When I saw this photo of a white guy in a suit pretending to rape Fierce Girl, I went rage-y.  The woman who took the picture nailed it when she wrote: “Douchebags like this are why we need feminism.”

This week I’ve been working on a series of blog posts for the #SJYALit project (Social Justice YA Literature) at Teen Librarian Tool box. In April, authors Elana K. Arnold, Mindy McGinnis, Isabel Quintero, and  I will be featured in a series about feminism.  I’ve been thinking a lot about why and how I wrote POINTE, CLAW, and why I think it is the book I needed to release at exactly this time in history.

Way before I started writing POINTE, CLAW, I was jotting down nuggets that might find their way into its pages. Things like: men staring at young ballet dancers, vaginal plastic surgery, men’s responses to menstruation, girls kissing each other, friendships that turn into more than friendship, removing dry tampons,  men following girls into the lingerie department, the ways that women can help or hurt each other, the ways in which fathers avoid daughters… The douchebag pretend to rape Fierce girl would have gone on my list.

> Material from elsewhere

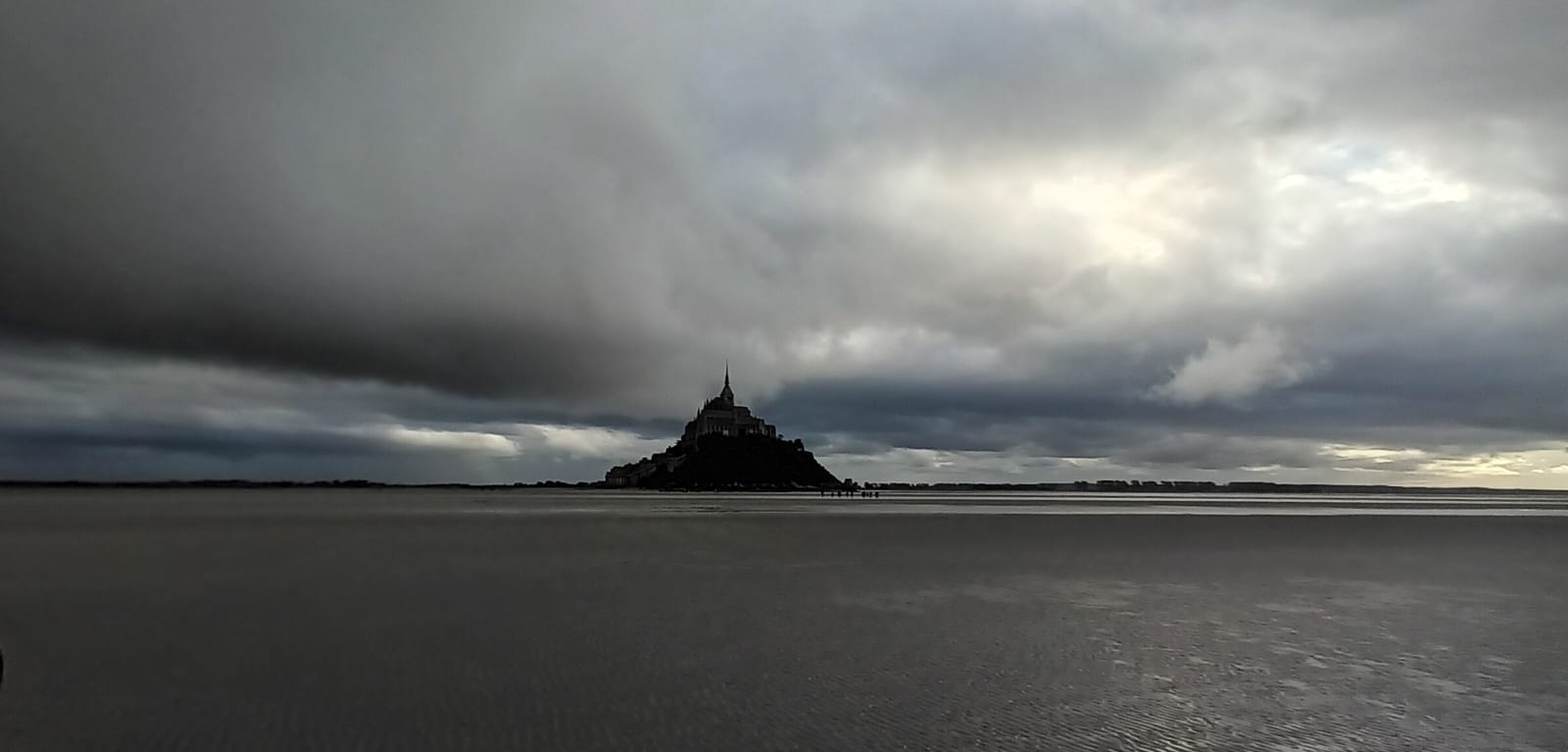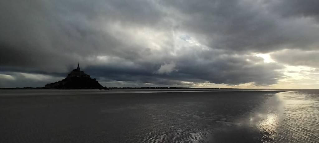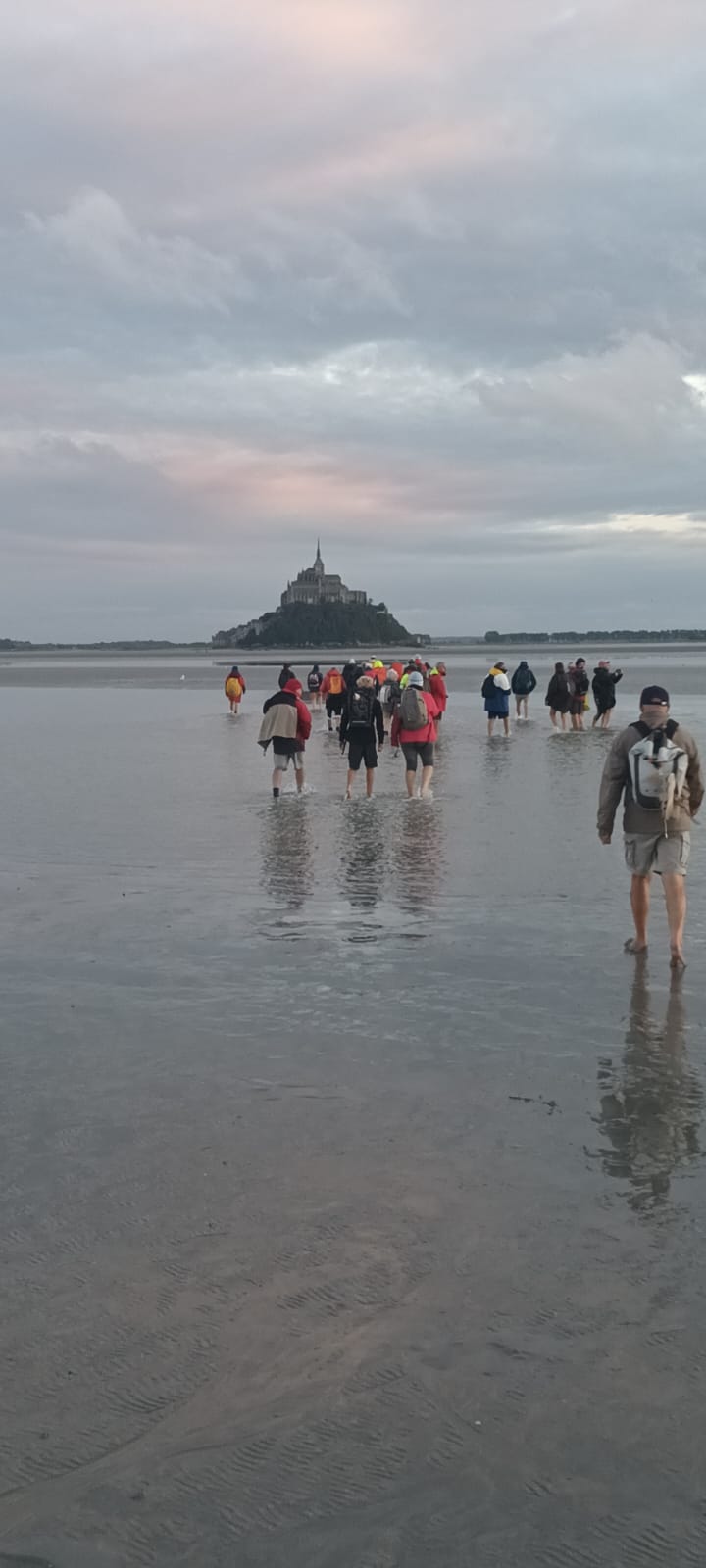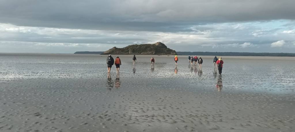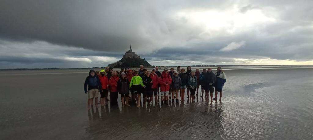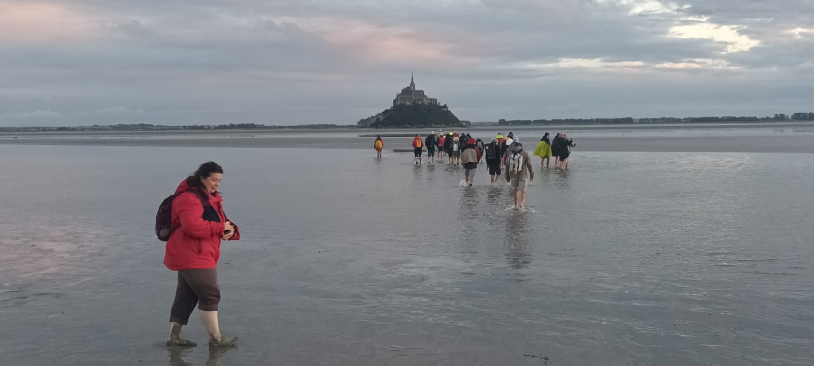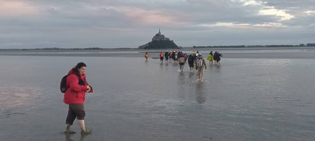 La journée de ce samedi 13 septembre s’annonçait pluvieuse et venteuse pour notre sortie au Mont Saint Michel. Rdv fixé avec notre guide Deborah des Chemins de la Baie devant l’entrée du Mont. Présentations faites, nous nous mettons en marche après quelques conseils et explications de notre guide sur la traversée que nous allons faire. Nous partons sous 1 faible pluie qui ne durera qu’1/4 d’heure puis nous serons préservés pour le reste de la sortie. Deborah prend le temps de nous raconter un peu d’histoire, de nous expliquer la géographie de la baie, ce que l’on peut y trouver comme vie, la faune, la flore…plein d’explications et d’anecdotes enrichissantes qui ponctuent notre marche. Pendant les 2h que dure la traversée vers Tombelaine, les couleurs sur la baie sont magnifiques avec le ciel d’orage sur les terres intérieures qui nous entourent. Nous traversons 2 rivières, le Couesnon et la Selune, non sans avoir expérimenté de façon ludique les sables mouvants. Certains ont été bien téméraires ! Le pique nique sur les rochers au pied de Tombelaine fut le bienvenu, accompagné d’un rayon de soleil et de lumières magnifiques. Au coucher du soleil, retour vers le Mont à la tombée de la nuit. La nuit est douce et le retour nous emerveille. Le Mont s’allume pour le plaisir de nos yeux. On se retrouve à l’entrée du Mont après avoir retraversé la baie et ses rivières. Rinçage des pieds à l’eau douce et retour au parking par la navette. Le temps nous a gâté, de beaux rêves nous attendent…
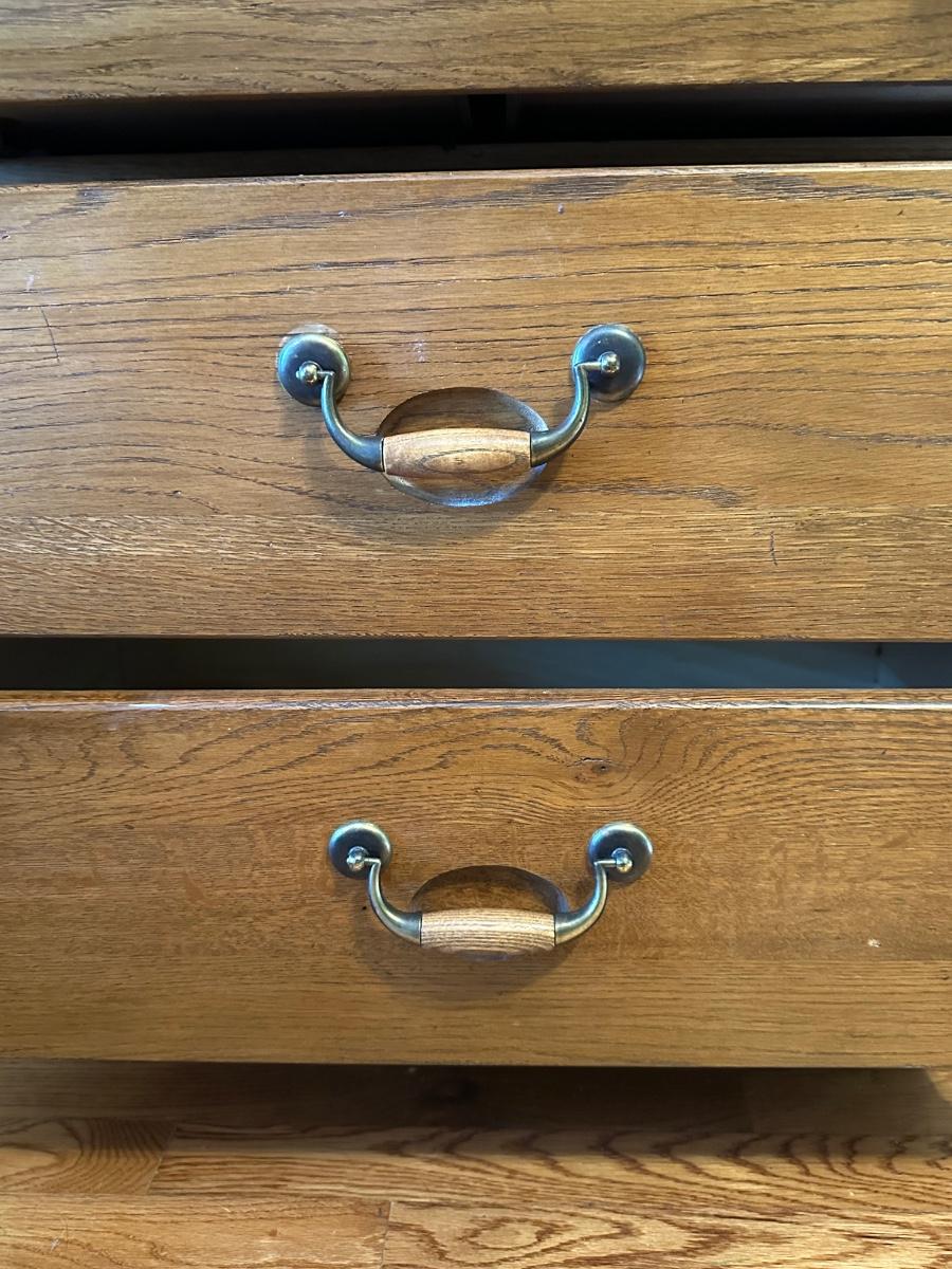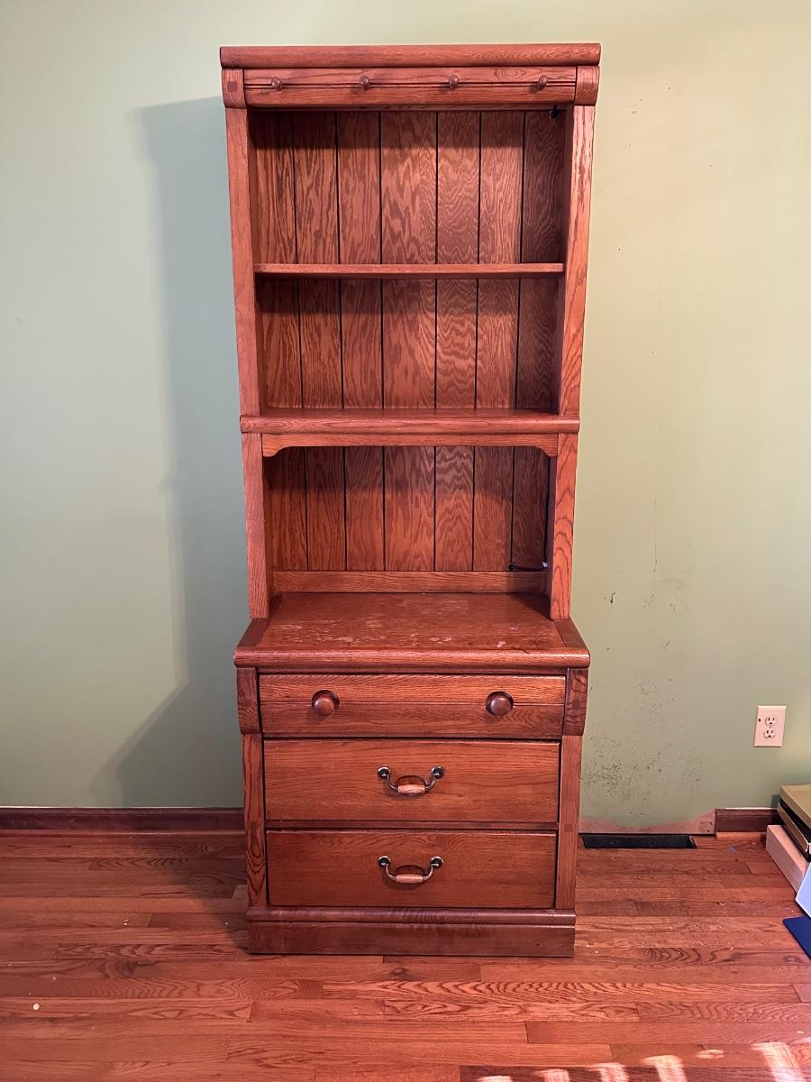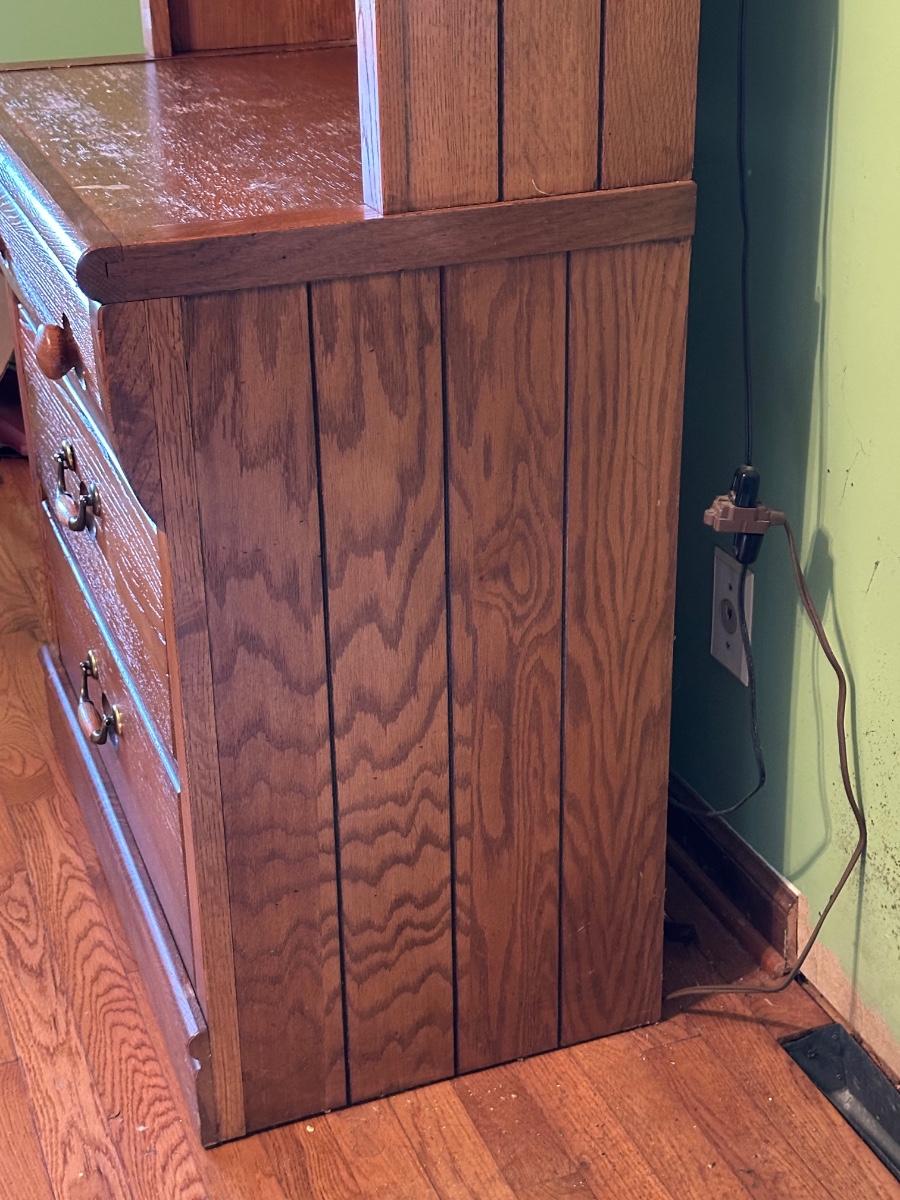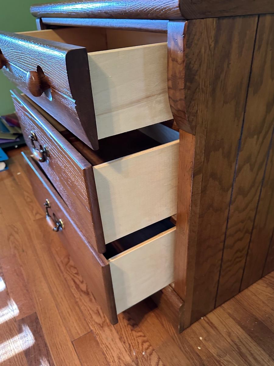 30.5” L x 18” Depth x 78.5” H / There is a light residue within one of the drawers, but can likely be removed.

In a recent article about the upsurge in interest in her 1985 book THE HANDMAID’S TALE, Margaret Atwood discusses a question that she is often asked about the book: Is it a “feminist” novel?

Here’s her answer:

If you mean an ideological tract in which all women are angels and/or so victimized they are incapable of moral choice, no. If you mean a novel in which women are human beings — with all the variety of character and behavior that implies — and are also interesting and important, and what happens to them is crucial to the theme, structure and plot of the book, then yes. In that sense, many books are “feminist.” Why interesting and important? Because women are interesting and important in real life. They are not an afterthought of nature, they are not secondary players in human destiny, and every society has always known that. 

I keep thinking about that first line. Ideological tract. Angels. Victimized to the point of no moral choice. It’s a little weird. Why would I assume that “feminist novel” means any of those things?

Any kind of ideological tract would be a shitty novel from a craft perspective. A novel that presents all women as perfect is, in fact, a reflection of a sexist system that either demonizes women or puts them on a pedestal. A novel with such an oppressive system against women that they can do nothing turns women into mere plot points.

Instead, Atwood goes on to say that novels should present women as human beings. Let that sink in. Sounds a lot like Hillary Clinton saying that women’s rights are human rights. Atwood takes the next step to say that any book which depicts fully-fleshed, complicated, complex female characters with agency could be considered feminist. She goes on to imply (though I wish she had stated it explicitly) that the other necessity of a feminist novel is to explore how these characters push against a system designed for the benefit of men.

I have no doubt that POINTE, CLAW is a feminist novel. The vast majority of the characters, both animal and human, are female. They are mothers and daughters and wives. They are dancers and strippers and home-based business owners and doctors and teachers and students. They are angry and content and complicit and miserable. My goal was to show all the different ways girls and women get boxed in by the expectations of a patriarchal society that has very narrow ideas about what defines a woman.

It’s a rage-y book. It’s a Fierce Girl book. I’d like to take a copy and bludgeon the Douchebag with it. Because I have no more fucks to give.